No todo en nuestra larga relación virtual fueron complacencias. Además de enseñarme que la suma de cuatro talentos da por resultado una sola genialidad, él y su grupo se encargaron, por supuesto sin proponérselo, de restregarme en la cara la bandera de mi ateísmo -convicción que me reservo el derecho de negar un instante antes de morir-. ¡Qué difícil es rechazar la existencia de la gloria cuando los oigo y toco el cielo!
Su desaparición terrenal me hunde también en preguntas que forman remolinos que no dejan escapar respuestas. ¿Los excesos del artista en su vida privada se olvidan o transforman en abundancia de gozo ante el público? ¿Un "riff" es capaz de eliminar diferencias ideológicas y sustituir el silencio cómplice? ¿Cómo resistir en la insignificancia la angustia anticipada por la muerte, cuando se sabe que hasta la grandeza es finita?
En esa lucha contra la fuerza que succiona los restos de mi mente, imagino lo sucedido si al cuarteto que contaba con su voz hubiera sido mexicano en lugar de británico. Sin duda, sus conocidas letras de contenidos distópicos, mágicos o alusivos a Lucifer tendrían la inocencia de las canciones de Cri-Cri al ser sustituidas por odas surrealistas dedicadas a la "transformación" sin cambio, a semidioses incuestionables so pena de censura o condena a disculpas eternas, a infartos que absuelven asesinos o al disfrute de los privilegios de los salvadores frente a las carencias de los salvados.

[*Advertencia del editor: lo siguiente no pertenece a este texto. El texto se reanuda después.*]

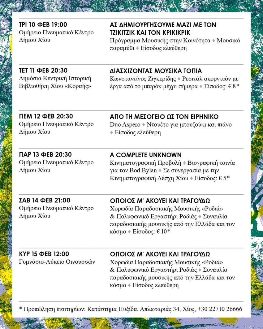 Με μηνύματα πολιτιστικής εξωστρέφειας ξεκινά το φετινό Χίος Music Festival, μία θεσμοθετημένη πλέον διοργάνωση που συνδέει τη μουσική με την εκπαιδευτική και κοινωνική δράση σε όλο το νησί.
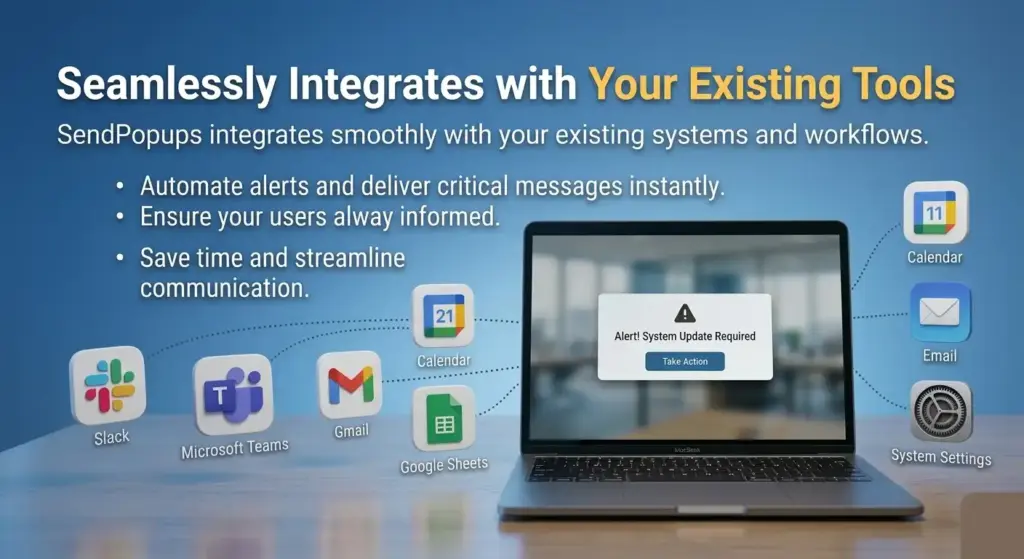 SendPopups integrates smoothly with your existing systems and workflows, allowing you to automate alerts and deliver critical messages instantly. Save time, streamline communication, and ensure your users always stay informed.
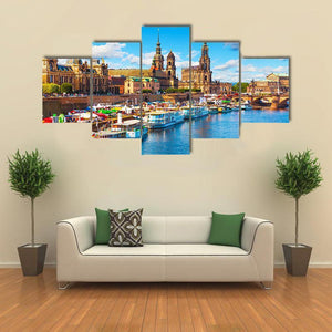Old Town With Elbe River Canvas Wall Art captures a vibrant, sunny riverside scene along the Elbe River with ornate riverfront buildings, domed towers and several boats docked. The eye-level view and realistic blues, beige, white and yellow bring a lively city atmosphere to living rooms or entryways with modern décor.
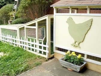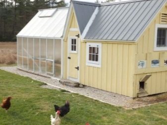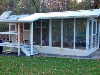 Вътре в самия кошара се препоръчва инсталирайте отделна врата, която ще води директно към вътрешния двор за разходка. Освен това над пешеходната зона обикновено се монтира здрав навес, който добре предпазва пернатото население от нападенията на хищни животни. Препоръчително е да инсталирате допълнителни костури на територията на двора.
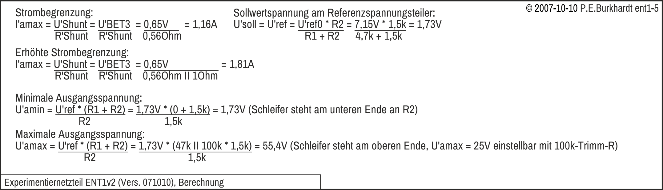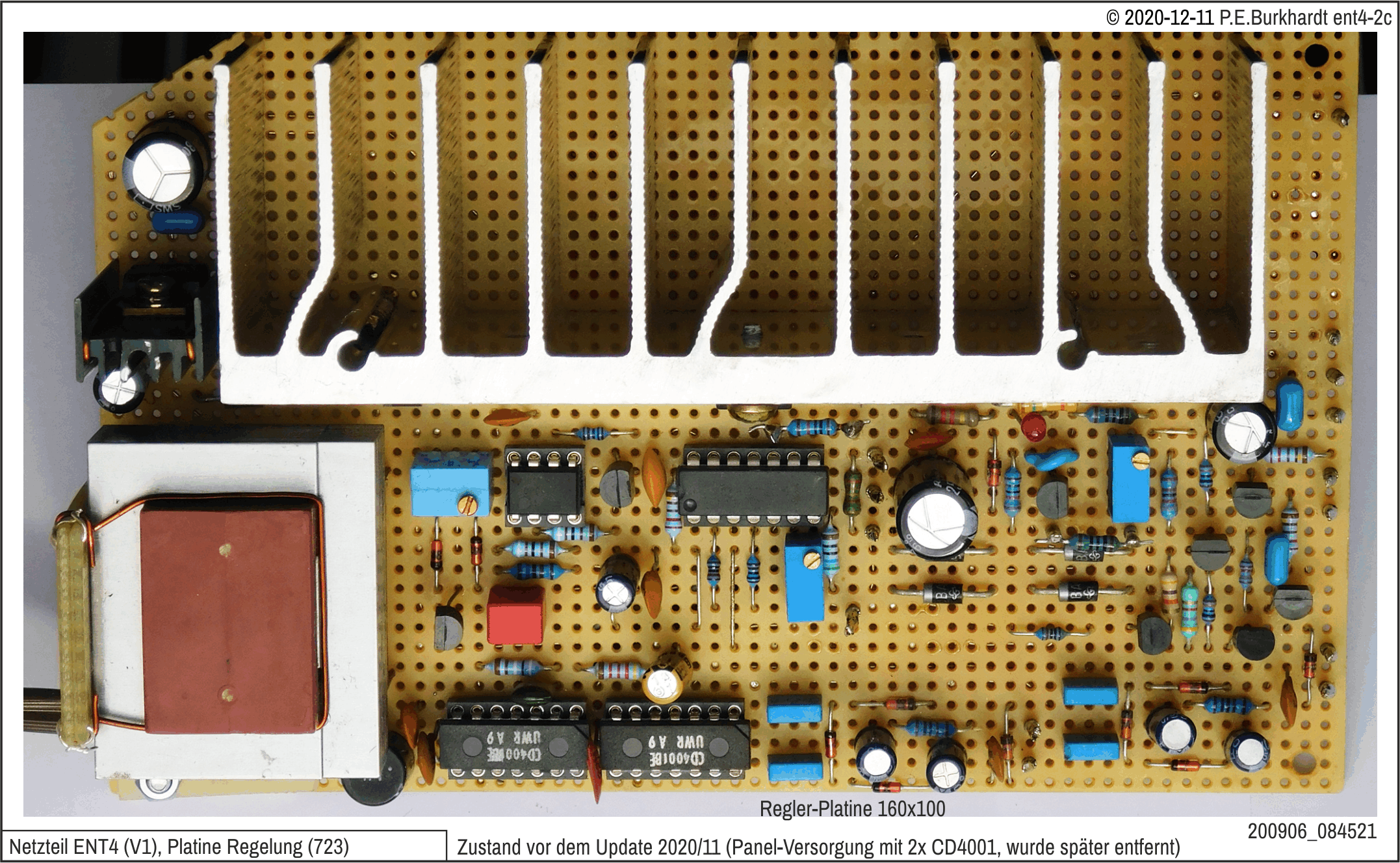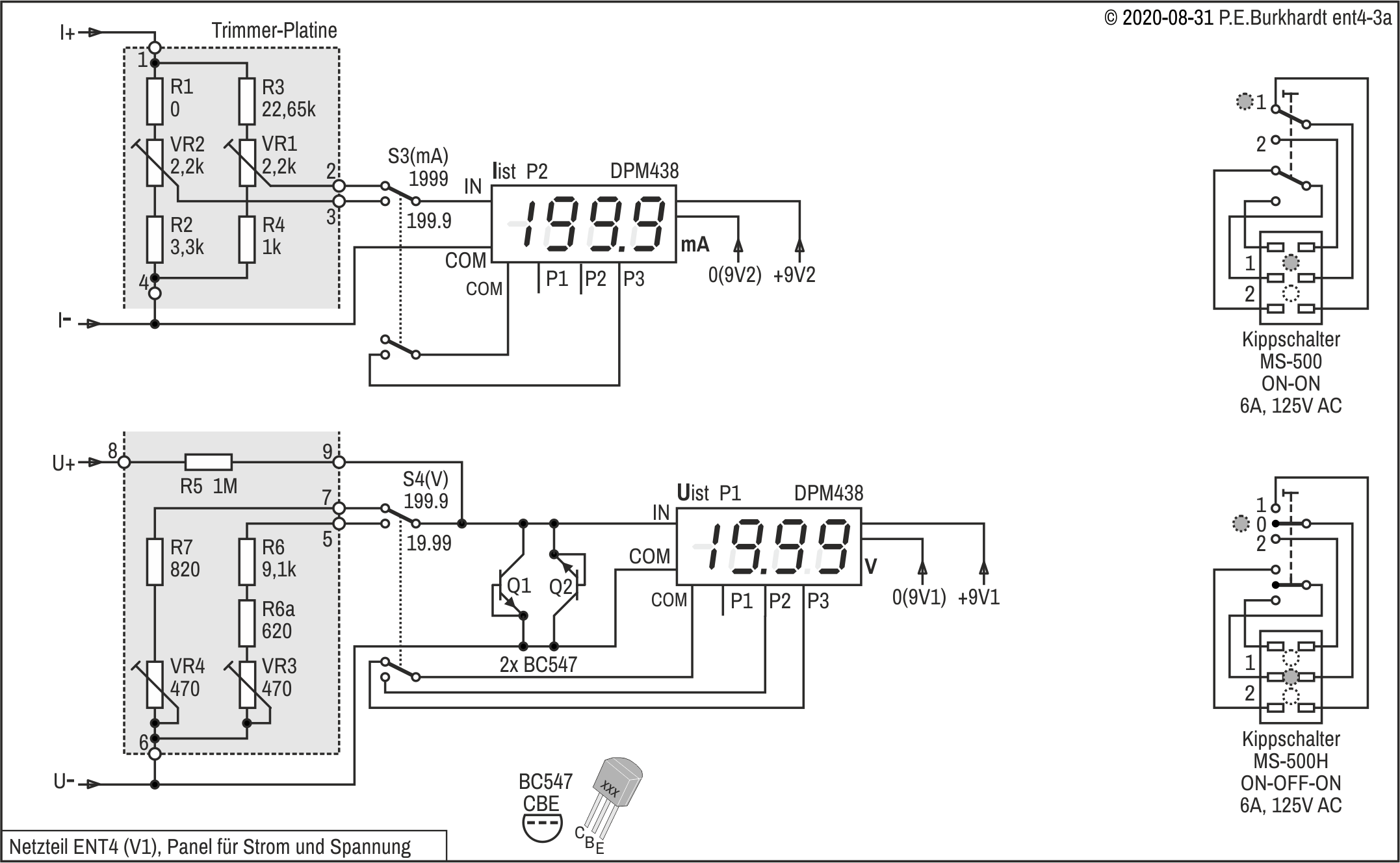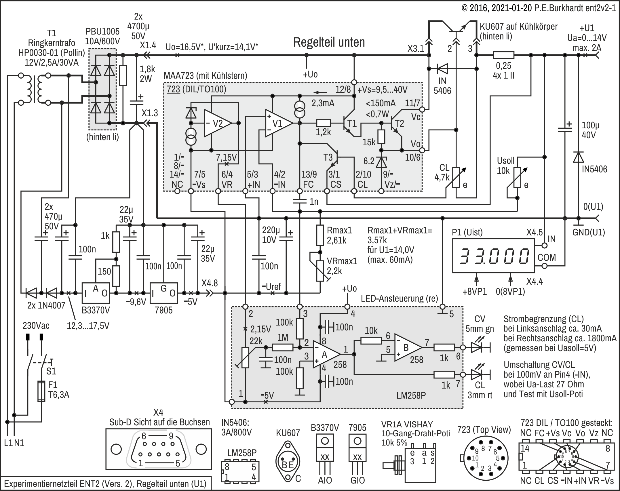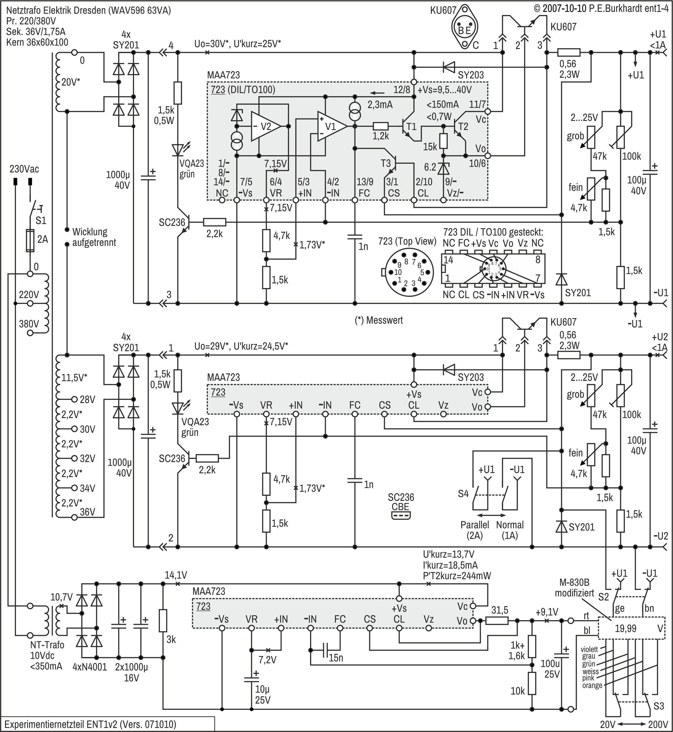 Die Schaltung enthält einige wichtige Messwerte. Die beiden Regelschaltungen einschließlich des Trafos mit Gleichrichter sind original ENT1v1. Nur die Sollspannungs-Einstellung wurde verändert (Fein-Regler).

La nota enviada esta semana por el paciente lector y destacado estudioso Guillermo Espinosa, recuerda al suscrito el pensamiento de Peter Sloterdijk, autor de "En el mismo barco" (2002), que de haber sido otra la historia originada en Inglaterra, en México el grupo aludido posiblemente hubiera compuesto canciones con ideas como esta:
"…El arte de la política, como arte regio, se encontraría en el vértice de una pirámide de la racionalidad que establece una relación jerárquica entre razón de Estado y razón privada, entre sabiduría principesca e intereses de grupo, entre los que son políticamente adultos y los que continúan siendo niños".
Pero Ozzy Osbourne interpretó con Black Sabbath letras menos densas, lo que no reduce mi nostalgia ni evita mi súplica al tiempo para que se detenga.